Probably not a septic tank since they are dangerous to small children and animals.


----------



## Barbara S.

Thanks. I should have mentioned that the "registro" is covered with an iron lid. No danger to children or pets. Sump sounds close but maybe to general.


----------



## clipper

I would generally refer to this as an inspection chamber, (I believe you are referring to what the Spanish would call bote sifónico)

http://img102.imageshack.us/img102/5628/botesifonico007bx7.jpg


----------



## BeliBlues

11 years later... I am pretty sure "manhole" is the word you were looking for.


----------



## Peter P

I agree with BeliBlues. 
“manhole” is the right word in that case. 
Saludos 
Peter P.


----------



## train99

I agree too with BeliBlues on the term "Manhole". 
Manhole: A hole, usually with a cover, through which a person may enter a sewer, boiler, drain, or similar structure.
Saludos.


----------



## Isabel Sewell

Algo a considerar
"Hydraulic manhole lift" es un aparato en ruedas para levantar la puerta de un registro (manhole, point-of-access). Un manhole se utiliza para llevar a cabo una inspección.

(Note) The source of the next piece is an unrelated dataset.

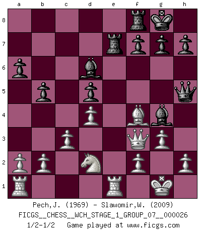 Last move : 1/2-1/2 2023 January 13 15:41:40 [Event "FICGS__CHESS__WCH_STAGE_1_GROUP_07__000026"] [Site "FICGS"] [Date "2022.11.02"] [Round "2"] [White "Pech,Jaroslav senior"] [Black "Slawomir,Weglicki"] [Result "1/2-1/2"] [WhiteElo "1969"] [BlackElo "2009"] 1.e4 e5 2.Nf3 Nc6 3.Bb5 a6 4.Ba4 Nf6 5.O-O Be7 6.Re1 b5 7.Bb3 O-O 8.c3 d5 9.exd5 Nxd5 10.Nxe5 Nxe5 11.Rxe5 c6 12.d4 Bd6 13.Re1 Qh4 14.g3 Qh3 15.Be3 Ra7 16.Qf3 Bg4 17.Qg2 Qh5 18.Nd2 Re7 19.Bxd5 cxd5 20.Bf4 Bh3 21.Qf3 Bg4 22.Qg2 Bh3 23.Qf3 Bg4 1/2-1/2 Follow this game move after move (download)The laws of Chess do not permit a free choice: you have to move whether you like it or not. (Emanuel Lasker) Karpov ist ein Museumsstück. (Garry Kasparov) Solo el jugador con la iniciativa tiene el derecho a atacar. (Wilhelm Steinitz) Les Echecs ne sont pas pour les âmes timides. Ils requièrent un homme entier, qui ne s'arrête pas aveuglément à ce qui a été déjà établi, mais qui tente individuellement de sonder les profondeurs du jeu. (W. Steinitz) Life is pleasant. Death is peaceful. It's the transition that's troublesome. (Isaac Asimov)

Existen electric manholes, plumbing/water supply manholes, sewage drainage manholes (human waste) , stormwater drainage manholes...
Espero ayude


----------



## Gavril

"manhole" only sounds right to me if the opening is big enough for a person's entire body to fit through.

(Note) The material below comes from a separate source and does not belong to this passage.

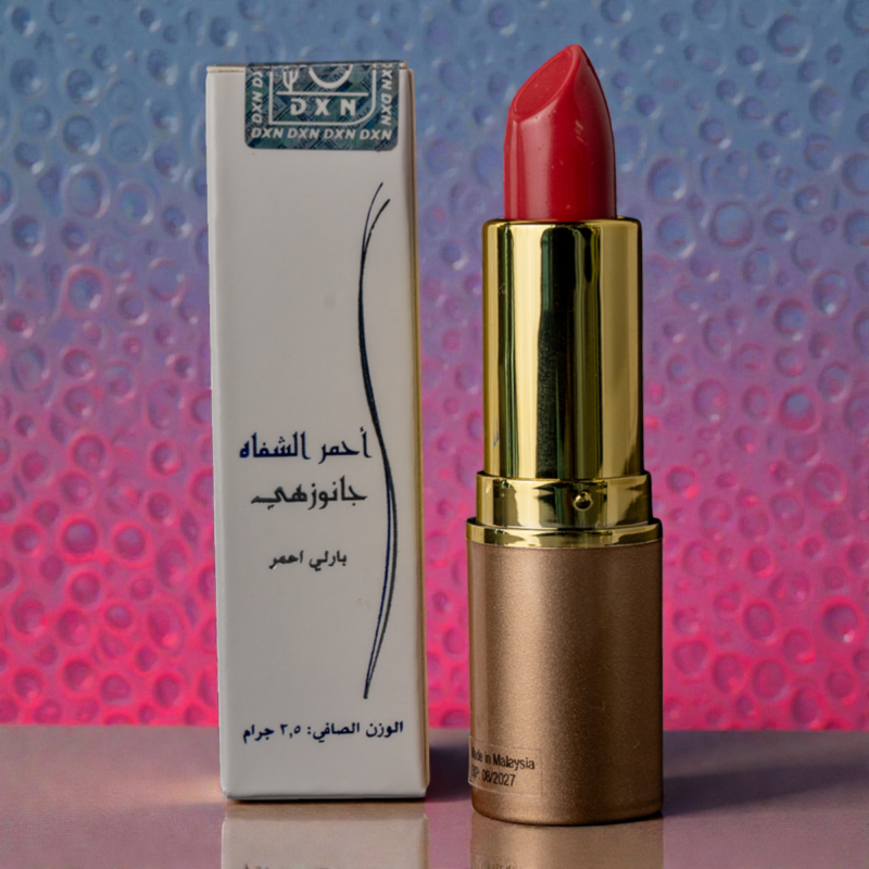 DXN Ganozhi Lipstick is a hydrating, moisturizing lipstick from DXN known for adding natural shine and color with nourishing ingredients like Aloe Vera Extract, Shea Butter, and Vitamin E, making lips feel soft, supple, and comfortable, gliding on smoothly for a lustrous, healthy look, and often highlighted for its lack of lead.

Something smaller than that, which is merely big enough to look through (not to actually go through), would be called something else -- I'm not sure what, but not "manhole".


----------



## Benzene

Gavril said:


> "manhole" only sounds right to me if the opening is big enough for a person's entire body to fit through.
> 
> Something smaller than that, which is merely big enough to look through (not to actually go through), would be called something else -- I'm not sure what, but not "manhole".


_Hi Gavril!

I personally would call a small manhole unsuitable for the man access through it with the terms "small access hatch or wellway (Canadian term)".

Bye,
*Benzene*_


----------



## Mastoc

Coincido con lo dicho por Gavril, manhole es para el ingreso de personas a cámaras, tanques, etc.
Sugiero "floor drain".


----------



## Katzuhiko Minohara

How do you say in English "registro" with the meaning of this thread?
It is a word you hear from the pulmber when you do home improvements
in the bathroom or in the kitchen. 

It seems that it is not any of the above words suggested:
manhole, small well, sump, holding tank, inspection chmber, 

excepted for:
floor drain,

but I would like a confirmation from a native speaker.


----------